## TASK STATEMENT
You are asked to repeat the listing word for word and to leave out its pictures.

## RECORDED INFORMATION
============

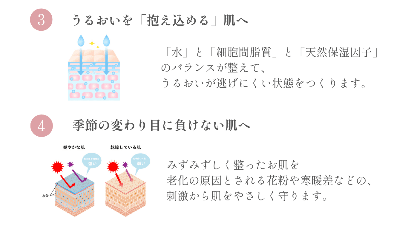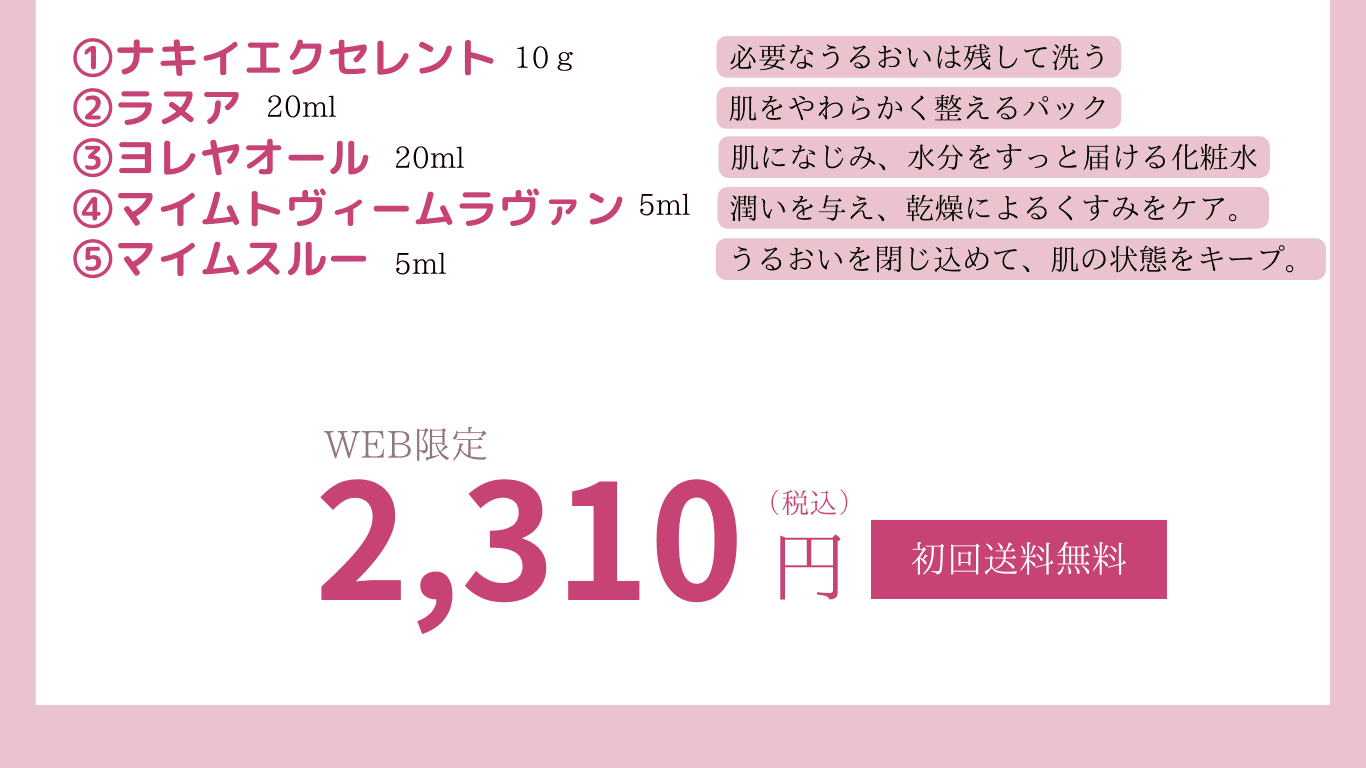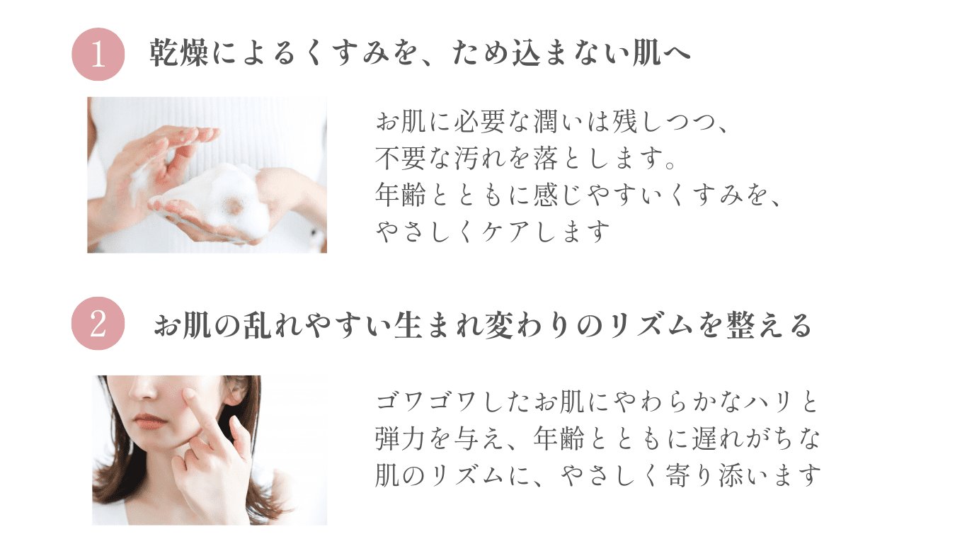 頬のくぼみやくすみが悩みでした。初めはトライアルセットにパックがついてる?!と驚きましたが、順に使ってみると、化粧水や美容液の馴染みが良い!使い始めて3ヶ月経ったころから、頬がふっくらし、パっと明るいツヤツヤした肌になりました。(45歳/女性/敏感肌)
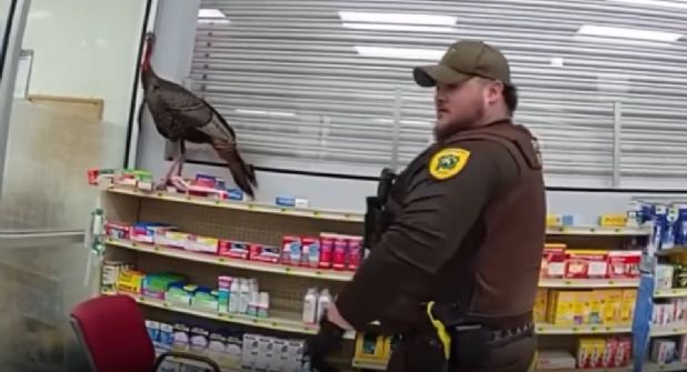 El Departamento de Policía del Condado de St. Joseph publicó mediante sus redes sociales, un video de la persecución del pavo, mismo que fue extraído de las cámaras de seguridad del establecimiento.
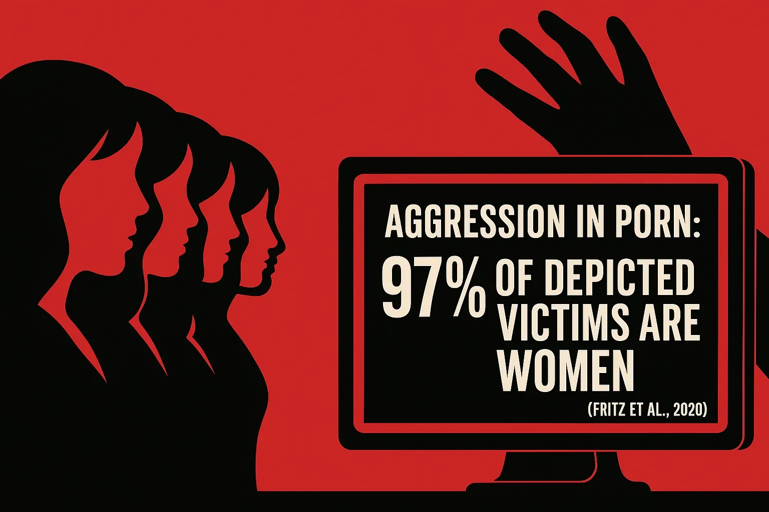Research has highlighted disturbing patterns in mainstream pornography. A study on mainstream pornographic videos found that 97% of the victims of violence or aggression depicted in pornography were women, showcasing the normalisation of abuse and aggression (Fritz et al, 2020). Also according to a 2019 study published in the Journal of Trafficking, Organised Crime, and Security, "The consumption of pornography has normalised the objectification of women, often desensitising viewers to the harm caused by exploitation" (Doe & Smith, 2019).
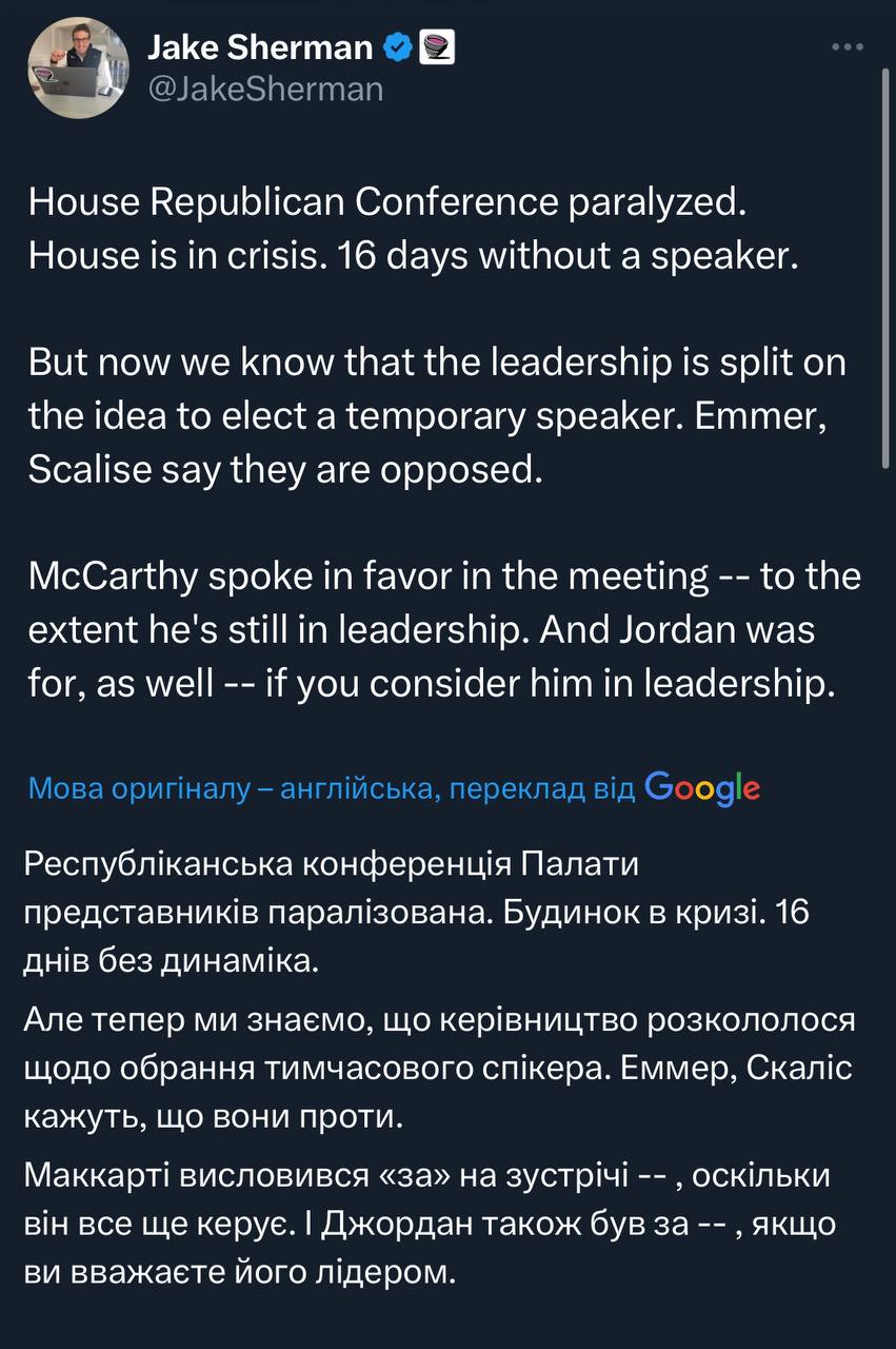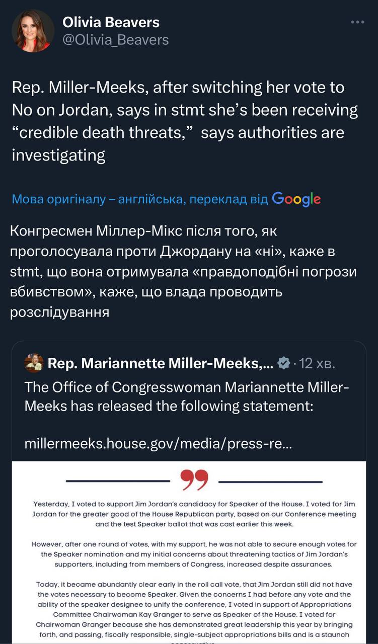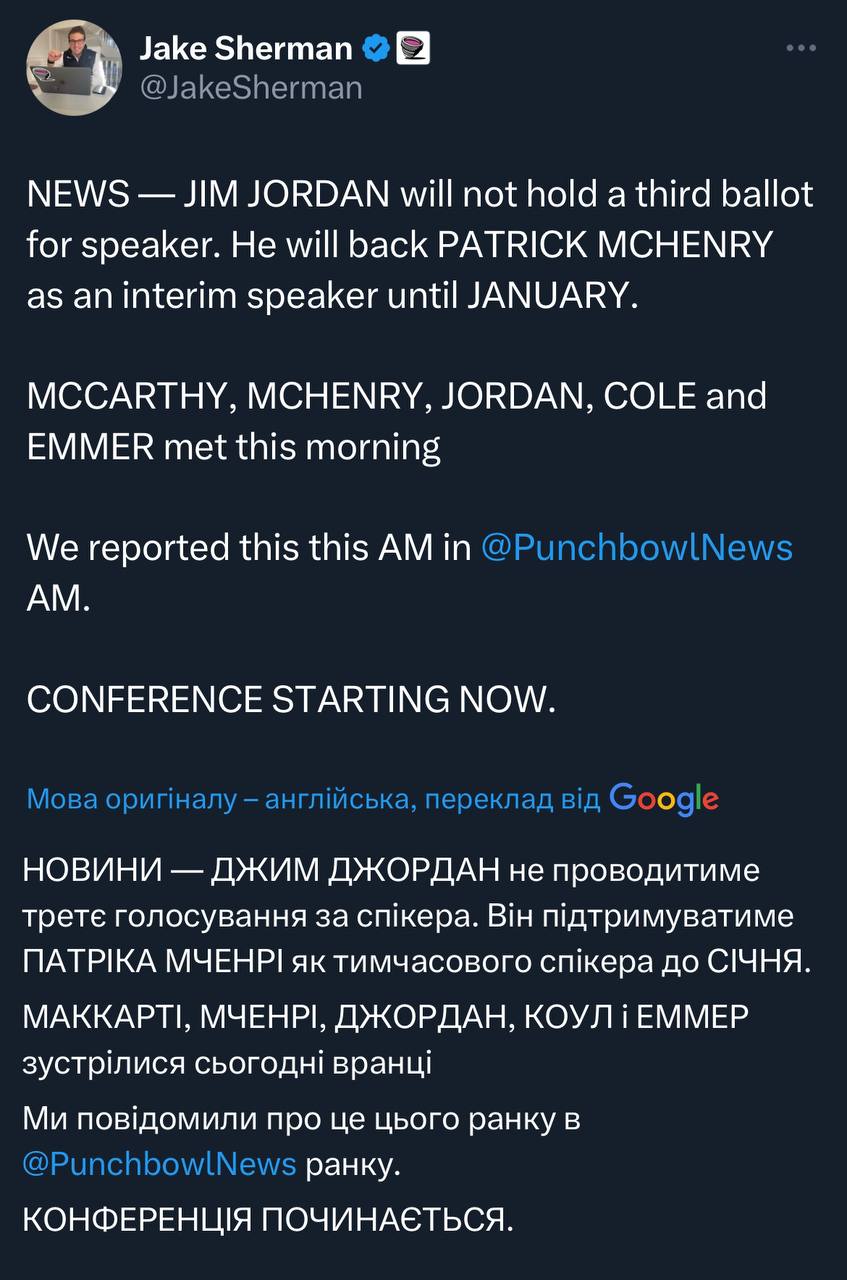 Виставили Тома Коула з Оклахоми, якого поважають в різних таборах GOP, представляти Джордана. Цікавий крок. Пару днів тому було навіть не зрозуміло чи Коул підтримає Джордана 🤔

============

## TASK RESULT
 頬のくぼみやくすみが悩みでした。初めはトライアルセットにパックがついてる?!と驚きましたが、順に使ってみると、化粧水や美容液の馴染みが良い!使い始めて3ヶ月経ったころから、頬がふっくらし、パっと明るいツヤツヤした肌になりました。(45歳/女性/敏感肌)
 El Departamento de Policía del Condado de St. Joseph publicó mediante sus redes sociales, un video de la persecución del pavo, mismo que fue extraído de las cámaras de seguridad del establecimiento.
Research has highlighted disturbing patterns in mainstream pornography. A study on mainstream pornographic videos found that 97% of the victims of violence or aggression depicted in pornography were women, showcasing the normalisation of abuse and aggression (Fritz et al, 2020). Also according to a 2019 study published in the Journal of Trafficking, Organised Crime, and Security, "The consumption of pornography has normalised the objectification of women, often desensitising viewers to the harm caused by exploitation" (Doe & Smith, 2019).
 Виставили Тома Коула з Оклахоми, якого поважають в різних таборах GOP, представляти Джордана. Цікавий крок. Пару днів тому було навіть не зрозуміло чи Коул підтримає Джордана 🤔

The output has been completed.